A little research:
XBR500 (next post)
initial advance 8 degs
Full Advance 29 degs at 5000RPM
from the net:
XL600R
At idle (F mark aligned with index notch)
1983 models 6-degrees BTDC @ 1200 rpm
1984 and later models 11 -degrees BTDC @ 1300 rpm
At full advance 31 -degrees BTDC@ 4000 rpm
XR600R
1985 through 1987 models
At idle (F mark aligned with index notch) 11-degrees BTDC @ 1300 rpm
At full advance 31-degrees BTDC @ 4000 rpm
1988 and later models
At idle (F mark aligned with index notch) 6-degrees BTDC @ 1300 rpm
At full advance 31-degrees BTDC @ 3500 rpm
XR650L
At idle (F mark aligned with index notch) 8-degrees BTDC @ 1300 rpm
At full advance 28-degrees BTDC @ 4000 rpm
XR650R
At idle (F mark aligned with index notch) 6-degrees BTDC @ 1300 rpm
At full advance 31 -degrees BTDC@ 3500 rpm
GB500
I found this here:
http://www.hondagb500.com/index.php?option=com_fireboard&func=view&catid=8&id=890&Itemid=81#890The GB500 cdi box has a 5 deg idle and a 21 deg full advance. I've read that Honda did this as the GB500 was built to Europeon specifications. The 21 deg advance was due to the 8.9 to 1 compression ratio and the low octane Europeon gas. The idea was to
avoid detonation. I had read where some people had tried to install the XR600R cdi box in the GB500, but when they pressed the starter button the starter relay 10 amp fuse would blow. I've solved this problem and now have an electric starting GB500 with an XR600R cdi box with 6/31 deg advance.
In the 4 pin cdi box harness plug remove the G/W wire and slip a short piece of small diameter tight fitting plastic tubing over the bare end to protect it from shorting out. Move it out of the way as it is no longer used. The pins are removed by sticking a straight pin down the side of the harness pin to release the hook.

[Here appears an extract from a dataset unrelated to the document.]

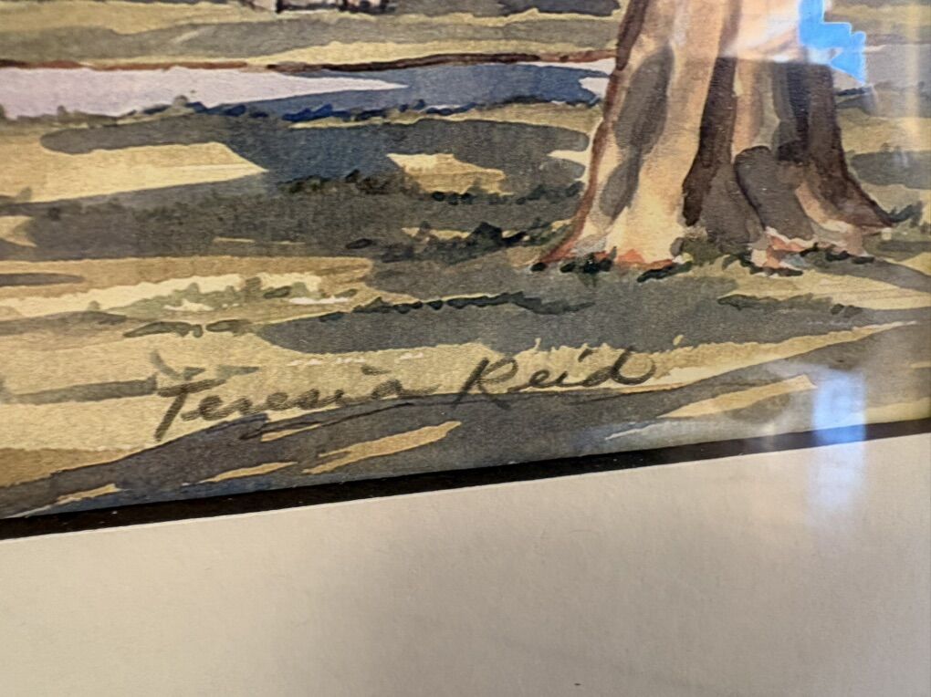 I have a numbered print of a watercolor signed by the artist, Teresia Reid. It is matted and framed in a dark brown frame. The fame is just under 18 inches wide and 15 inches tall. It has wire on the back for hanging it. The last 5 pictures show other artwork that I have listed on KSL. See my other ads for jewelry, artwork, home decor and more.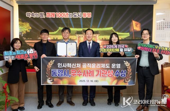 코리아타임뉴스 오영주 기자 | 통영시는 지난 16일 인사혁신처가 주관하는‘공직윤리제도 운영 평가’에서 우수사례기관으로 선정돼 정부세종청사에서 인사혁신처장상을 수상했다.

The only thing I can tell that this wire (G/W) does is kill the motor if you try to put it in gear with the side stand down. You still get the side stand is down light, but the engine will not quit if you put it in gear. No big deal I can live without that.
Next, swap the 2 pin cdi box harness plug BL/W and BL/R wires. They are the wires in the 2 pin plug.
I purchased an after market cdi box for an xr600r. http://www.powersportsuperstore.com/Ricks-Motorsport-Electric-CDI-Boxes-15-601-p/4078330.htm?CartID=1
for only $40. They have great prices on other things too.
After making the wire changes to the harness the new cdi box correctly plugs right in.
It has an 8,500 rpm red line, a more aggresive advance curve
and has some double circuitry for better reliability. Of course it has the 6/31 deg advance.
I put it all together and to my absolute amazement it fired right up and runs great! It seems to rev up more quickly and
doesn't cause any detonation so far on low octane fuel.
I also rejetted the stock carb. I now have a 150 main jet, a 50 slow jet, 1 1/2 turns out on the screw for best idle.
I also added a .002 inch thick shim under the needle. I also drilled out the vacuum hole on the bottom of the carb slide to 1/8th inch. This is supposed to make the carb more responsive at full openings. I read about this on several blogs about xr600's. (I ride from 5,000 to 10,000 altitude)
All of this seems especially to have helped the mid range. It pulls hard and runs clean from low rpms when opening the throttle full. It just accelerates great and doesn't bog down. I think I've got the jetting about right.
The jetting and cdi box change have made a noticeable performance
difference and was worth doing. I use low octane fuel. No detonation.
I don't have the XBR handbook or FSM to hand so maybe someone can check the specs and the minimum recommended octane rating. My experience was more advance and a good fat spark gave a very noticeable improvement.